Abdicación

A la monarquía no le encuentro mayor uso que ser materia prima para chistes, cuentos infantiles y revistas del colorín. Tomársela más en serio conduce a la melancolía, cuando no a la ira y al envenenamiento de la sangre. Como muchos, celebraría su envío definitivo al desguace de la Historia, pero mientras llega ese día (que no sé yo), practico la limitación de daños y hasta soy capaz de entretenerme con sus venturas y, especialmente, sus desventuras, que de un tiempo a esta parte son casi todas.

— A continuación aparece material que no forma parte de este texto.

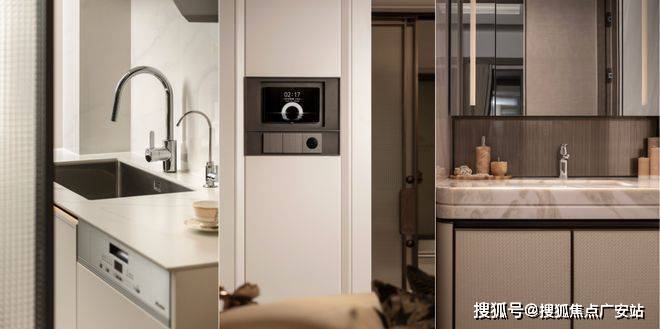 卫浴空间配备唯宝智能卫浴与高仪花洒系统,带来星级酒店般的舒适体验;厨房区域则搭载美诺4件套(燃气灶具、吸油烟机、烤箱、洗碗机)、博世冰箱等。同时,户型还引入华为全屋智能系统,实现家居生活的便捷操控;霍尼韦尔新风系统、日立/东芝空调地暖三大件也全部配齐,全方位保障居住的健康与舒适。

Sigo también nada a disgusto las historietas menudas de la regia condición, como el pase a la reserva de Beatriz de Holanda y los inevitables paralelos con la borbonada ibérica que se han dejado caer. Con indisimulable sofoco, los papeles cortesanos —que igualmente son casi todos, incluidos los de muy cerca— se han apresurado a aclarar que los parecidos empiezan y terminan en las edades de los protagonistas y en el hecho de que ambos sucesores están desposados con plebeyas, término todavía al uso en estas rancias esferas. De risa floja, leer a modo de excusatio non petita en la portada de un vetusto diario que la jubilación de la soberana del país de los tulipanes y los coffe shops sigue “la tradición holandesa”. Ojito con las tradiciones, que en la dinastía zarzuelera podría considerarse tal que los hijos le bailen el trono a los padres por la jeró. Lo hizo Fernando VII con Carlos IV y, con la inestimable ayuda de Franco, el propio Juan Carlos le endiñó la trece-catorce a su viejo, que se fue al pudridero del Escorial sin haber catado la corona y seguramente acordándose del mal día en que engendró al rapaz que se saltó el escalafón.

Ya digo que ni me quita el sueño ni me da más lo que ocurra con los Capetos de este lado de los Pirineos. Como pagano a escote de su tren de vida, solo les pido un poco más de espectáculo. Una abdicación, a lo neerlandés o a lo hispanistaní, no estaría mal… para empezar.